Datum : 23 januari 2007
Betreft : Beroepschrift
Bijlage : Uitspraak op verzet, d.d. 21 december 2006.

Edelachtbare vrouwe, heer,

Hierbij ga ik:

dhr. D.
telefoon: ###
Sofi-nummer: ###

in hoger beroep tegen:

de bijgevoegde uitspraak op verzet, d.d. 21 december 2006 van procedure 05 / 1407 WAO.

In het kort

1.
Naar mijn mening is mij een eerlijk proces onthouden, omdat in de uitspraak op verzet nieuwe en inhoudelijke argumenten worden aangevoerd, terwijl mijn verzoek voor herziening niet inhoudelijk is behandeld.

Voor het procesverloop verwijs ik naar de bijgevoegde uitspraak.

Over de vereenvoudigde behandeling (LJN: AZ5774)

2.
In de uitspraak van 24 maart 2006 (de vereenvoudigde behandeling) wordt bij punt 4 gesteld dat mijn herzieningsverzoek kennelijk ongegrond is omdat de procedures bij het Tuchtcollege hebben plaatsgevonden na de uitspraak van 2 maart 1995 (de uitspraak die ik wil laten herzien).
Dat lijkt mij onjuist, omdat dat tijdens die procedures feiten aan het licht kunnen komen, die wel voldoen aan de vereisten voor een herziening.

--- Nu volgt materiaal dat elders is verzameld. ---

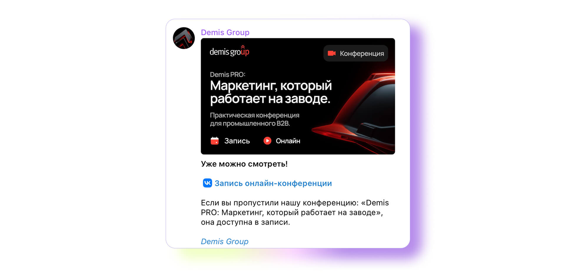 Например, мы проводили онлайн-конференцию «Demis PRO: маркетинг, который работает на заводе», и наш спикер делился кейсом. После мероприятия мы перевели кейс в текстовый формат и опубликовали.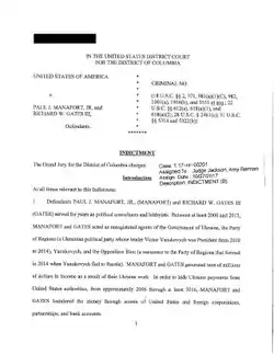- 1 2 United States of America v. Paul J. Manafort Jr and Richard W. Gates III (October 27, 2017), Text.

Over de uitspraak op verzet (LJN: AZ5777)

Hierna bespreek ik stapsgewijs punt 5 van de uitspraak van 21 december 2006 (de uitspraak op verzet).

3.
Allereerst schrijft de Rechtbank bij punt 5:

"De rechtbank heeft in haar uitspraak waarvan verzet met juistheid vastgesteld dat, gelet op de datum van de uitspraken van de Tuchtcolleges, deze uitspraken op zich geen nieuw feit opleveren."
In de uitspraak van 24 maart 2006 (de vereenvoudigde behandeling) wordt bij punt 4 echter niet overwogen dat de uitspraken op zich van latere datum zijn, maar dat de procedures bij de Tuchtcolleges van latere datum zijn. De term "op zich" staat ook in het geheel niet in de uitspraak van 24 maart 2006.
Naar mijn mening wordt hierdoor de uitspraak van 24 maart 2006 verdraaid. Er bestaat volgens mij een duidelijk verschil tussen deze uitspraak van 24 maart 2006 en de uitspraak die ik in mijn pleitnotities aanhaalde (uitspraak Centrale Raad van Beroep van 9 december 2004, 03/3066 AW, LJN: AR7772). Door de verdraaiing wordt naar mijn mening dat verschil ten onrechte kleiner gemaakt.

4.
Vervolgens staat bij punt 5:

"Zoals D. terecht aanvoert hebben de procedures bij het Tuchtcollege weliswaar betrekking op feiten of omstandigheden van vóór de uitspraak van de rechtbank op 2 maart 1995, maar het over die feiten en omstandigheden gegeven oordeel betreft een nadere waardering daarvan, bezien vanuit tuchtrechterlijk oogpunt, en levert in zoverre evenmin een nieuw feit in vorenbedoelde zin op."
De rechtbank heeft het hier over het oordeel van het Tuchtcollege. In mijn pleitnotities (d.d. 28 september 2006) schreef ik in de laatste alinea over feiten en omstandigheden die "tijdens klacht- en tuchtprocedures" naar voren kunnen komen. Het gaat mij dus niet enkel om het oordeel van het Tuchtcollege.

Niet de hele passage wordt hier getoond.